Database for Annotation, Visualization and Integrated Discovery (DAVID) - An Overview

Lesson 15 review

In Lesson 15, we learned about functional enrichment, pathway analysis, and related concepts. These analyses help us put RNA sequencing results into biological context by informing us of the biomolecular pathways, biological functions, cellular localities, etc. of genes in our study.

Learning objectives

This lesson will provide an overview of the Database for Annotation, Visualization and Integrated Discovery (DAVID). DAVID is one of many tools that can be used to perform functional enrichment analysis.

In this lesson, we will

Learn more about DAVID
- Available tools
- Underlying statistical methods
- Some expected outputs
- Data size limits
- How to get help
Run an example and interpret results

Potential Files of Interest:

Files used in this tutorial or related to files used in this tutorial include:

Up-regulated gene list - up_logfold3.txt
Background gene list - background_expressed.txt
Differential Expression Results - hcc1395_deg.csv

Background on DAVID

What does DAVID do?

DAVID is a popular bioinformatics resource system including a web server and web service for functional annotation and enrichment analyses of gene lists. It consists of a comprehensive knowledgebase and a set of functional analysis tools. - Sherman et al. 2022

Over 40 functional categories from dozens of independent public sources (databases) are collected and integrated into the DAVID Knowledgebase. - https://davidbioinformatics.nih.gov/helps/knowledgebase/DAVID_gene.html#coverage

DAVID was created and is maintained by the Laboratory of Human Retrovirology and Immunoinformatics at Frederick National Lab.
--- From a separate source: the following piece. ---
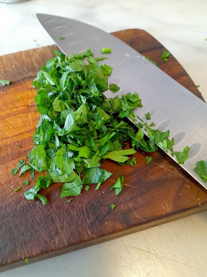 - 3 to 4 fresh flat-leaf parsley sprigs one left whole, and the others finely chopped, stems reserved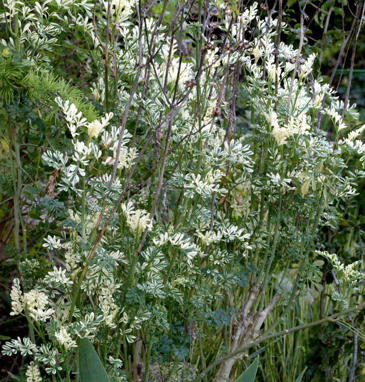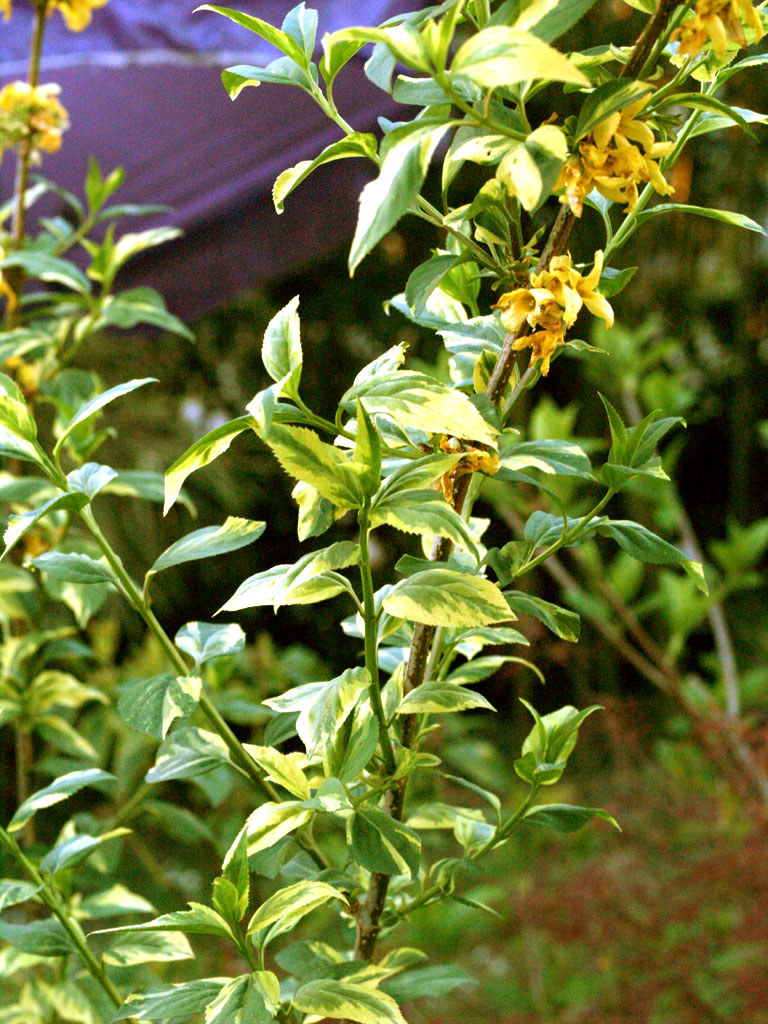 Die Blätter der panaschierten Forsythie sind im Austrieb leuchtender als die Blüten.

It has been cited in 72,287 papers since its debut in 2003 as of 23 July 2024.

Tools available in DAVID include:

Functional Annotation Clustering
Functional Annotation Chart
Functional Annotation Table
Gene Functional Classification
Gene ID Conversion
Gene Name Batch Viewer
Ortholog Tool

With DAVID, we can:

Identify enriched biological themes, particularly GO terms.
Discover enriched functional-related gene groups.
Cluster redundant annotation terms.
Visualize genes on BioCarta & KEGG pathway maps.
Display many-genes-to-many-terms relationships in 2D.
Search for functionally related genes not in the list.
List interacting proteins.
Explore gene names in batch mode.

Note

DAVID is not just for gene lists associated with humans; it includes annotations relevant to thousands of species.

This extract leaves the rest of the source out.